Integration with cluster management tools like Kubernetes (via DCGM-Exporter), Prometheus, and Grafana.

Core Benefit: Ensures GPUs are functioning correctly and helps identify systemic issues or resource underutilization across the data center, improving reliability and uptime.

DCGM provides the continuous oversight needed to ensure the underlying hardware infrastructure is sound, complementing application-specific profiling.

Example Command(s):

# List all discoverable GPUs on the system
dcgmi discovery -l

# Get health status for all GPUs (default group)
dcgmi health -g 1 # Assuming group 1 is the default group of all GPUs

# Run short diagnostics (level 1) on GPU 0
dcgmi diag -g 1 -i 0 -r 1

# Continuously monitor specific GPU metrics (e.g., power, temp, utilization) for GPU 0
# Field IDs: 203 (power), 252 (temp), 1004 (GPU util), 1005 (Mem util)
dcgmi dmon -g 1 -i 0 -e 203,252,1004,1005

GPU Memory Testing

Testing GPU memory is crucial for ensuring hardware stability, data integrity, and identifying potential faults.

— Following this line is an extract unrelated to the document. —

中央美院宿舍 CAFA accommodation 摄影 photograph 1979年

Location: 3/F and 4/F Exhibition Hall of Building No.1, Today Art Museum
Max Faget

Various tools can help diagnose memory issues, from hardware errors to access problems in CUDA code.

DCGM Diagnostics (Memtest)

Focus: Hardware fault detection and stability, particularly for server/data center GPUs.

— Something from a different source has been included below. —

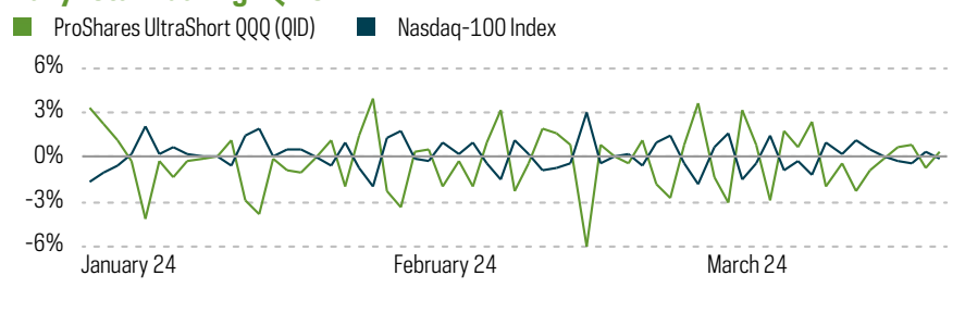
Daily return during 10 2024

The performance quoted represents past performance and does not guarantee future results. Investment return and principal value of an investment will fluctuate so that an investor's shares, when sold or redeemed, may be worth more or less than the original cost. Current performance may be lower or higher than the performance quoted. Performance data current to the most recent month-end may be obtained by calling 866.776.5125 or visiting ProShares.com. Index performance does not reflect any management fees, transaction costs or expenses. Indexes are unmanaged and one cannot invest directly in any index.

Key Use Cases: Runs various tests on GPU memory to identify problematic memory modules or hardware faults.

Core Benefit: Helps ensure memory hardware integrity. Higher diagnostic levels provide more thorough testing.

Example Command(s):

# Run Level 2 diagnostics (includes memory tests) on all GPUs in group 1
sudo dcgmi diag -g 1 -r 2

# Run Level 3 diagnostics (more intensive memory tests)
sudo dcgmi diag -g 1 -r 3

nvidia-smi (for ECC Memory)

Focus: Reporting ECC (Error Correcting Code) memory errors for GPUs that support this feature.

Key Use Cases: Checking for single-bit (corrected) and double-bit (uncorrected) ECC errors. Monitoring retired memory pages due to persistent errors.

Core Benefit: Provides visibility into the health and error status of ECC-enabled GPU memory.

Example Command(s):

# Query memory details, ECC status, and page retirement info
nvidia-smi -q -d MEMORY,ECC,PAGE_RETIREMENT

# Continuously monitor ECC errors (refreshes every second)
watch -n 1 "nvidia-smi --query-gpu=ecc.errors.corrected.volatile.total,ecc.errors.uncorrected.volatile.total --format=csv,noheader"

NVIDIA Compute Sanitizer (memcheck)

Focus: Debugging memory access errors within CUDA applications at the code level.

Key Use Cases: Detecting out-of-bounds global/shared memory accesses, misaligned accesses, uninitialized memory usage, and other memory-related bugs in CUDA kernels.

Core Benefit: Helps CUDA developers write more robust and correct code by pinpointing memory safety issues.

Example Command(s):

# Run memcheck tool on a CUDA application
compute-sanitizer --tool memcheck ./my_cuda_application

# Generate a report file
compute-sanitizer --tool memcheck --log-file memcheck_report.log ./my_cuda_application

Nsight Compute (Memory Performance)

Focus: Analyzing memory access patterns and performance within CUDA kernels, not for error detection but for optimization.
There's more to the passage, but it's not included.